Keep the customer at the centre
The goal is improved customer outcome, not better internal process for its own sake.
When OEMs and dealers are more aligned, customers benefit from faster response, better service coordination, stronger continuity across sales and aftersales, and a more proactive experience over the life of the asset. This is especially true in off-highway, where uptime, field support, parts availability and connected asset data all play a direct role in customer value.
That is why motivation and incentivisation matter so much. The system may provide the shared platform, but it is aligned economics, aligned behaviours and aligned customer focus that make the model work.
The opportunity for OEMs
The strongest OEM-dealer relationships are built on shared value, aligned incentives and a way of working that helps both parties serve the customer better.
Digital platforms have an important role to play and their job is to support the relationship not dominate it.

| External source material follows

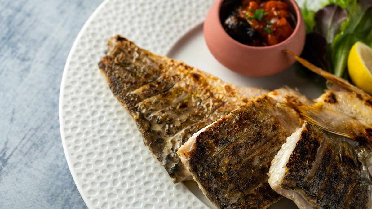 Battered salmon fillet, cranberry jam, rucola, arioli (tartar sauce), calamari fritti and fries

When OEMs get this right, they do more than improve system adoption. They create dealer networks that are better connected, more commercially aligned and more capable of delivering value across the full customer and asset lifecycle.
Why Salesforce
If OEMs want dealers to work more closely with them, the technology needs to support the relationship in a practical and commercially relevant way. This is where Salesforce can play a useful role.
Rather than trying to replace the dealer’s core operational systems, Salesforce can help OEMs create a shared engagement layer across the network: connecting lead management, campaign execution, customer and asset visibility, service interactions and next best actions in one place. This supports the kind of OEM-dealer collaboration described here while respecting the continuing role of the DMS and other local systems.
Salesforce is particularly relevant where the goal is to improve alignment across the full lifecycle. In automotive, that may mean better coordination around leads, campaigns, finance journeys and customer retention. In off-highway, it may mean stronger visibility of the installed base, more proactive service engagement, telematics-triggered actions, parts and contract opportunities, and a more connected experience across sales and aftersales. In both cases, the value lies in helping OEMs and dealers work from a more joined-up view of the customer, the asset and the commercial opportunity.
Used in the right way, Salesforce is not the story on its own. It is an enabler of the broader model: shared value, aligned incentives, clearer accountability and better customer outcomes. The real opportunity is not simply digitising dealer interactions, but making it easier for OEMs and dealers to collaborate in ways that improve performance for both parties and deliver a stronger customer experience over time.